An image-free, verbatim transcription of the records is the expected result.

Top of Records supplied

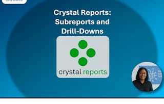 In this course, you'll continue developing your data-reporting skills in Crystal Reports by using Structured Query Language (SQL) statements to create and summarize report data, as well as create joins and subqueries. You'll also create more complex formulas by working with loops and arrays. These tools and techniques provide you with even greater control over how your data is presented.
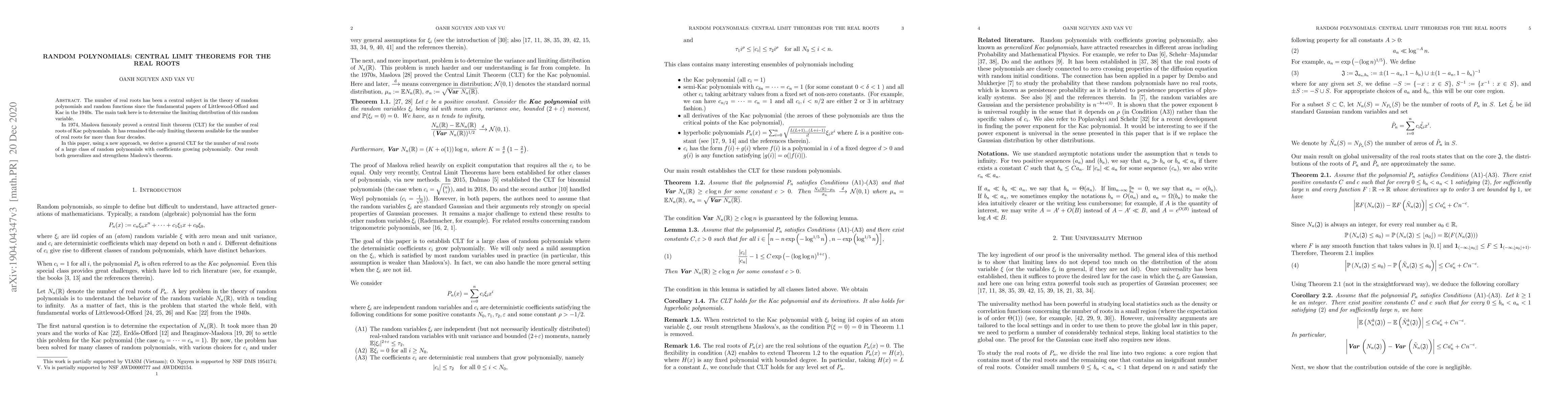 The number of real roots has been a central subject in the theory of random polynomials and random functions since the fundamental papers of Littlewood-Offord and Kac in the 1940s. The main task here is to determine the limiting distribution of this random variable. In 1974, Maslova famously proved a central limit theorem (CLT) for the number of real roots of Kac polynomials. It has remained the only limiting theorem available for the number of real roots for more than four decades. In this paper, using a new approach, we derive a general CLT for the number of real roots of a large class of random polynomials with coefficients growing polynomially. Our result both generalizes and strengthens Maslova's theorem.
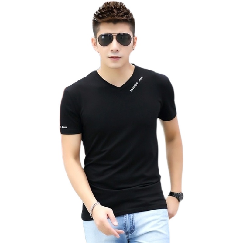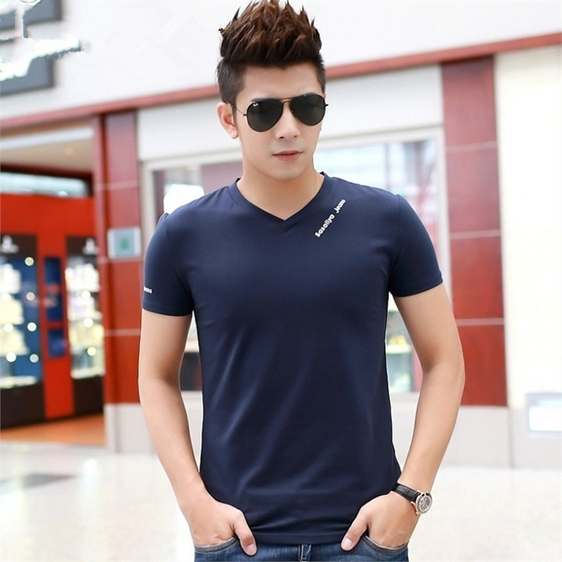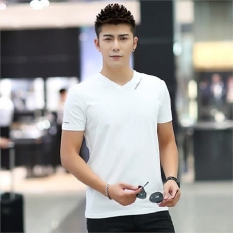 男士短袖t恤修身V领上衣鸡心领男装大码半袖夏季短衫韩版休闲体恤
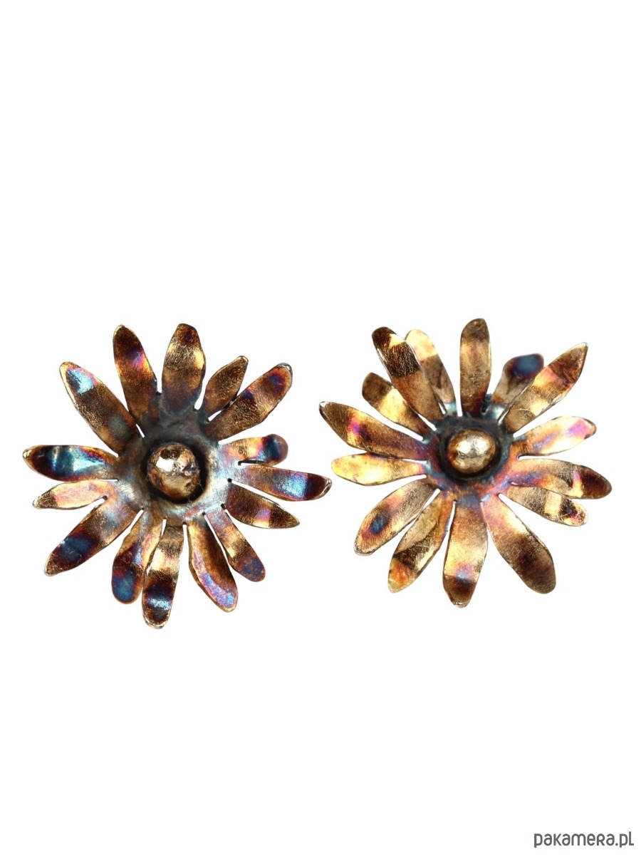 Ręcznie wykonane kolczyki kwiaty ze srebra wykończone oksydą tęczową
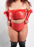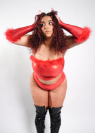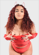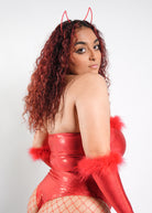 You're the hottest of them all in our inferno boo set. Light the night away in our fiery bright red furry set and people will your hotness all night. The set includes a top, bottom, and sleeves are optional.
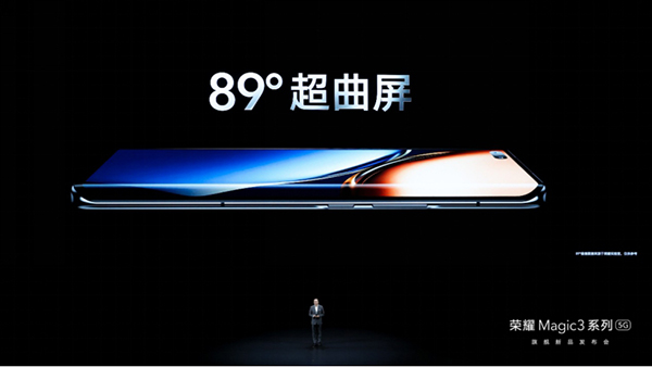 在這個屏幕方面,榮耀Magic3至臻版還帶來89°超級曲面屏,營造出屏幕無邊無際的視覺沖擊力。上下曲邊微微外延,如將水杯倒?jié)M,流體邊緣滿而不溢,匯聚成充滿張力的完美曲面,令人過目難忘。邊框被進一步收窄,屏占比高達94.86%,既帶來更完美的沉浸感,也更加貼合手掌,握持起來極為舒適。
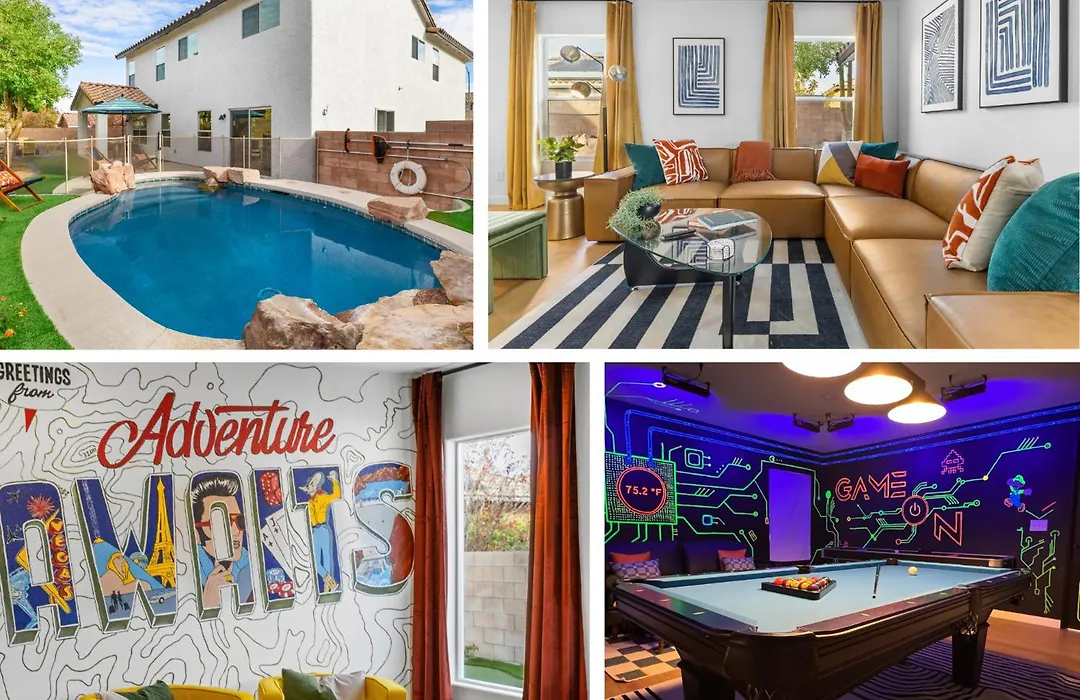 El lugar dispone de una cocina bien equipada, una zona de comedor y un comedor al aire libre. La cocina también dispone de lavaplatos, cafetera/tetera y un horno. El restaurante Ventano Italian Grill & Seafood se encuentra a tan solo 6 minutos a pie. El aeropuerto internacional Mccarran de Las Vegas está a 20 km de esta villa, y la parada de autobús WB está a tan solo 650 metros.
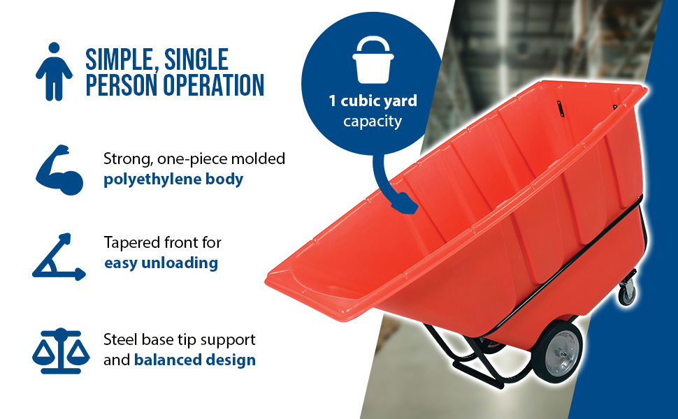 TDT-100-HD-RED TDT-100-HD-REDPlastic Heavy Duty Tilt Truck 1 Cubic Yard 2100 Lb. Capacity RedUniform Capacity (lb.): 2100
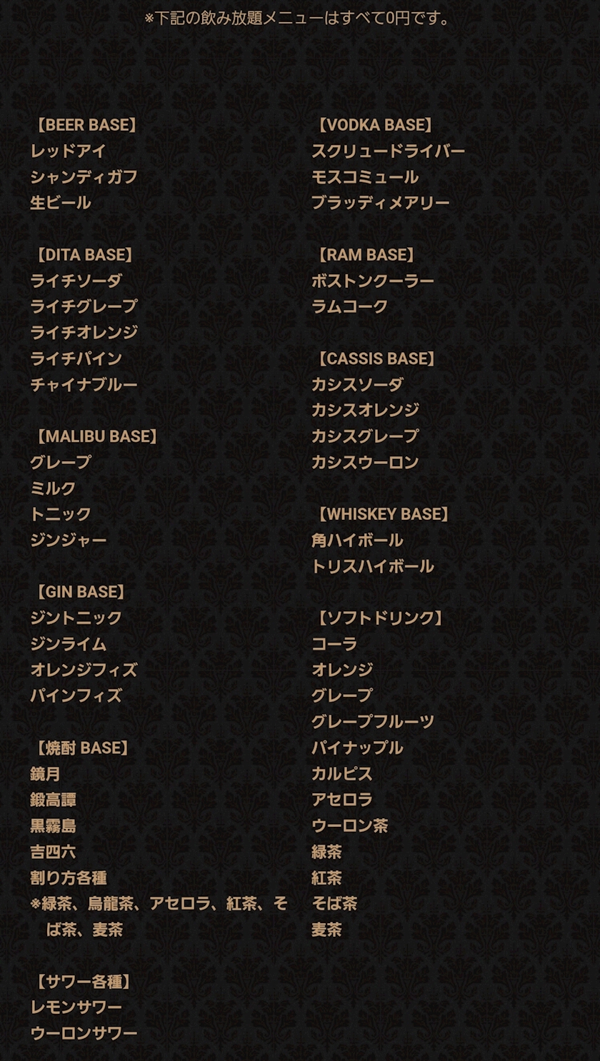 飲み放題メニューが豊富過ぎるとよく言われます(笑)
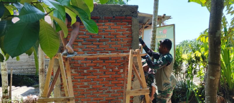 Di lokasi pekerjaan, Minggu (22/2/2026), anggota Satgas terlihat merapikan plester dinding bangunan MCK. Tahapan tersebut dilakukan setelah proses pengecoran slup selesai, sebagai bagian dari upaya menyempurnakan bangunan agar kokoh dan siap digunakan masyarakat.
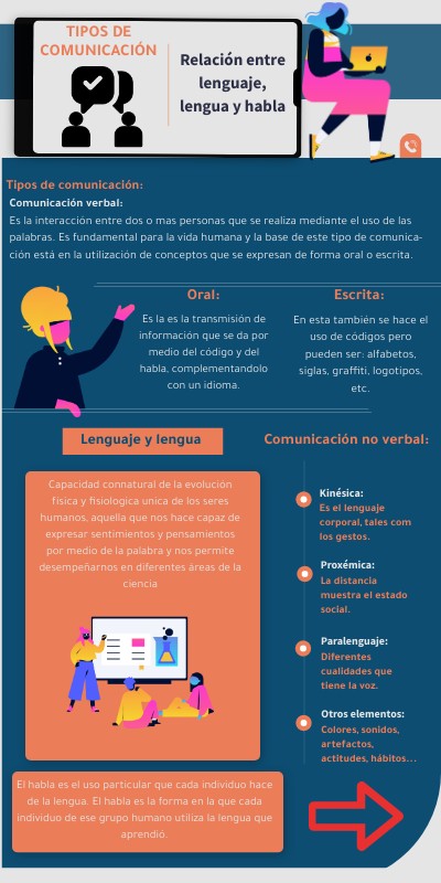 Comunicación verbal:Es la interacción entre dos o mas personas que se realiza mediante el uso de las palabras. Es fundamental para la vida humana y la base de este tipo de comunica- ción está en la utilización de conceptos que se expresan de forma oral o escrita.
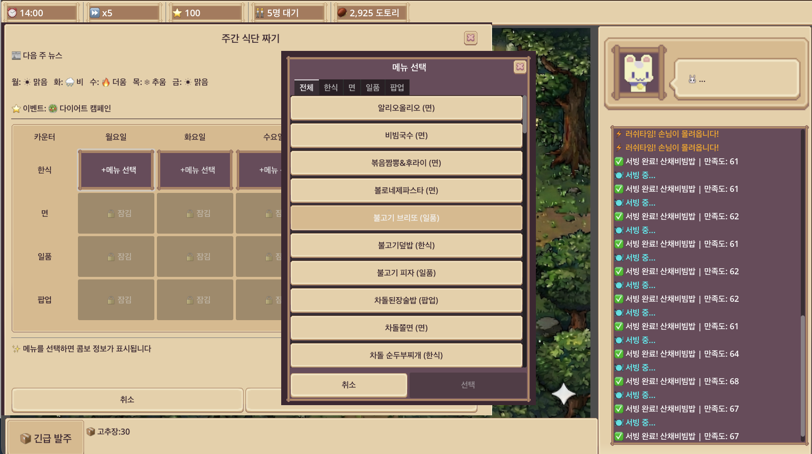 스트레스 받은 숲속 동물들이 찾아오는 힐링 레스토랑을 운영하세요!매주 날씨와 이벤트를 고려해 메뉴를 기획하고, 손님들에게 맞춤 요리를 제공하는 전략 경영 시뮬레이션입니다.
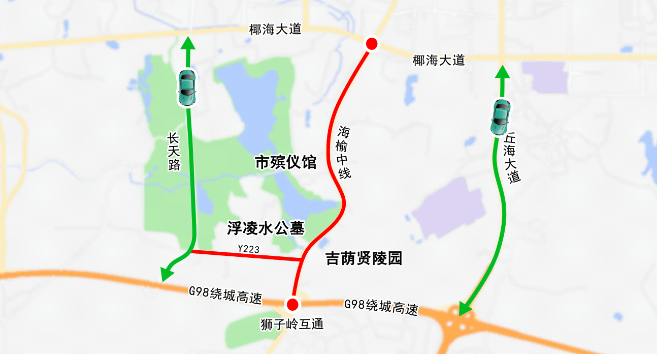 清明期间,233乡道、海榆中线等陵园周边路段车流集中,请途经车辆视情绕行长天路、丘海大道往返。

Bottom of Records supplied

◆ Your response:
 In this course, you'll continue developing your data-reporting skills in Crystal Reports by using Structured Query Language (SQL) statements to create and summarize report data, as well as create joins and subqueries. You'll also create more complex formulas by working with loops and arrays. These tools and techniques provide you with even greater control over how your data is presented.
 The number of real roots has been a central subject in the theory of random polynomials and random functions since the fundamental papers of Littlewood-Offord and Kac in the 1940s. The main task here is to determine the limiting distribution of this random variable. In 1974, Maslova famously proved a central limit theorem (CLT) for the number of real roots of Kac polynomials. It has remained the only limiting theorem available for the number of real roots for more than four decades. In this paper, using a new approach, we derive a general CLT for the number of real roots of a large class of random polynomials with coefficients growing polynomially. Our result both generalizes and strengthens Maslova's theorem.
 男士短袖t恤修身V领上衣鸡心领男装大码半袖夏季短衫韩版休闲体恤
 Ręcznie wykonane kolczyki kwiaty ze srebra wykończone oksydą tęczową
 You're the hottest of them all in our inferno boo set. Light the night away in our fiery bright red furry set and people will your hotness all night. The set includes a top, bottom, and sleeves are optional.
 在這個屏幕方面,榮耀Magic3至臻版還帶來89°超級曲面屏,營造出屏幕無邊無際的視覺沖擊力。上下曲邊微微外延,如將水杯倒?jié)M,流體邊緣滿而不溢,匯聚成充滿張力的完美曲面,令人過目難忘。邊框被進一步收窄,屏占比高達94.86%,既帶來更完美的沉浸感,也更加貼合手掌,握持起來極為舒適。
 El lugar dispone de una cocina bien equipada, una zona de comedor y un comedor al aire libre. La cocina también dispone de lavaplatos, cafetera/tetera y un horno. El restaurante Ventano Italian Grill & Seafood se encuentra a tan solo 6 minutos a pie. El aeropuerto internacional Mccarran de Las Vegas está a 20 km de esta villa, y la parada de autobús WB está a tan solo 650 metros.
 TDT-100-HD-RED TDT-100-HD-REDPlastic Heavy Duty Tilt Truck 1 Cubic Yard 2100 Lb. Capacity RedUniform Capacity (lb.): 2100
 飲み放題メニューが豊富過ぎるとよく言われます(笑)
 Di lokasi pekerjaan, Minggu (22/2/2026), anggota Satgas terlihat merapikan plester dinding bangunan MCK. Tahapan tersebut dilakukan setelah proses pengecoran slup selesai, sebagai bagian dari upaya menyempurnakan bangunan agar kokoh dan siap digunakan masyarakat.
 Comunicación verbal:Es la interacción entre dos o mas personas que se realiza mediante el uso de las palabras. Es fundamental para la vida humana y la base de este tipo de comunica- ción está en la utilización de conceptos que se expresan de forma oral o escrita.
 스트레스 받은 숲속 동물들이 찾아오는 힐링 레스토랑을 운영하세요!매주 날씨와 이벤트를 고려해 메뉴를 기획하고, 손님들에게 맞춤 요리를 제공하는 전략 경영 시뮬레이션입니다.
 清明期间,233乡道、海榆中线等陵园周边路段车流集中,请途经车辆视情绕行长天路、丘海大道往返。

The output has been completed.